Король Индра обучил сына основным европейским языкам, будучи глубоко убежден, что они созданы для общения с различными социальными слоями: французскому — чтобы он мог беседовать с учеными, немецкому — чтобы объясняться с коммивояжерами, английскому — потому, что это был официальный язык королевства и еще для того, чтобы он мог делать займы у банкиров, играть в теннис и посылать телеграммы. Жали бегло говорил на всех этих языках, но сущность его речи оставалась восточной, расцвеченной образами, насыщенной символами, отягощенной вежливыми оборотами. Он хорошо писал, что являлось признаком высокого происхождения: когда он выводил свои красивые письмена, жены с любопытством собирались вокруг.

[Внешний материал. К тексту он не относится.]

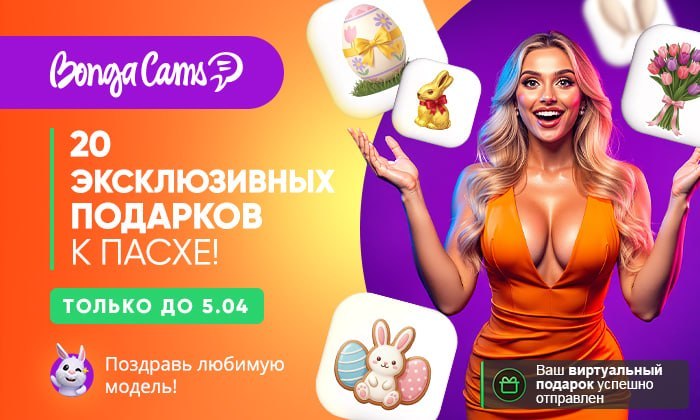 Специально к празднику на сайт добавлена уникальная коллекция из 20 виртуальных подарков, которые вы можете отправить понравившимся моделям! 🤩
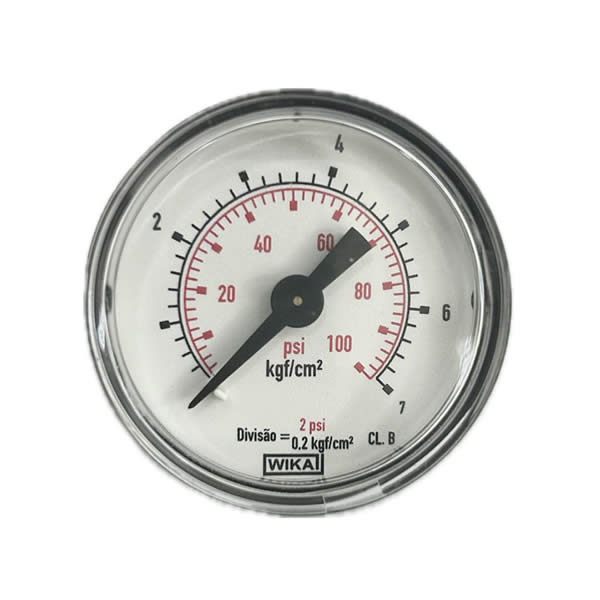 Manômetro 40mm, ligação horizontal, escala dupla 100 psi x 7 kgf / cm², caixa abs, internos em liga de cobre, classe de exatidão B, conexão 1/8 npt, Wika.
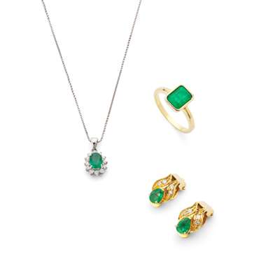 Including an emerald and diamond cluster pendant, stamped 18k, to a trace-link chain stamped 750; a pair of emerald and diamond clip earrings, stamped 750; and a collet-set emerald ring, unmarked (3)
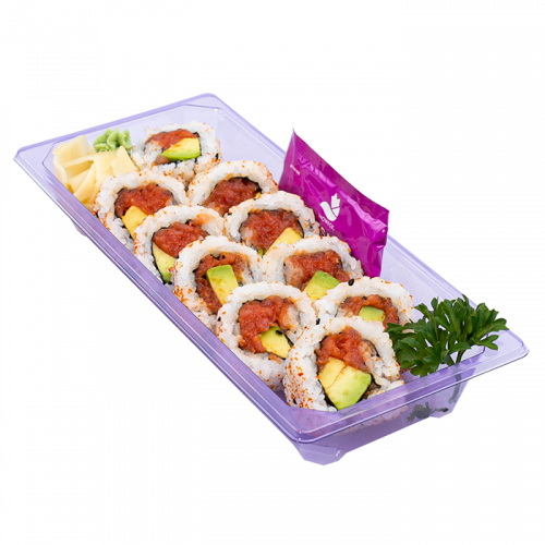 Tuna*, avocado, cucumber, sriracha, spicy mayo and shichimi

Китайские учителя, занимавшиеся его образованием, закармливали его классиками, заставляя, согласно традиции, все заучивать наизусть. Потом появились бельгийские святые отцы и напичкали Жали смутными и противоречивыми западными премудростями, представлявшими собою смесь научных чудес с рецептами костоправов, что только увеличило его недоумение и беспокойство. У него были немецкие атласы, но он не вполне представлял себе, какую форму имеет Земля. Он говорил, как учили святые отцы, что она круглая, но вместе с тем его ничуть не удивляли бонзы, утверждавшие, что она имеет форму бараньей лопатки и что Карастра является ее центром. Он имел познания как в химии, так и в магии, как в медицине, так и в знахарстве. В Азии подобные парадоксы встречаются нередко. Те же самые ученые, которые с точностью до одной десятой секунды вычисляли наступление солнечного затмения, готовы в момент, когда это затмение наступит, бить в барабан чтобы не дать Луне проглотить Солнце. Кроме того, Жали прошел необходимое обучение в монастыре. Он вполне овладел Словом и Законами Будды и соблюдал религиозные обряды согласно установившимся обычаям королевства, то есть придерживаясь умеренности в ритуалах и довольствуясь раздачей милостыни нищим, почитанием священных праздников и возведением кое-где памятных святынь.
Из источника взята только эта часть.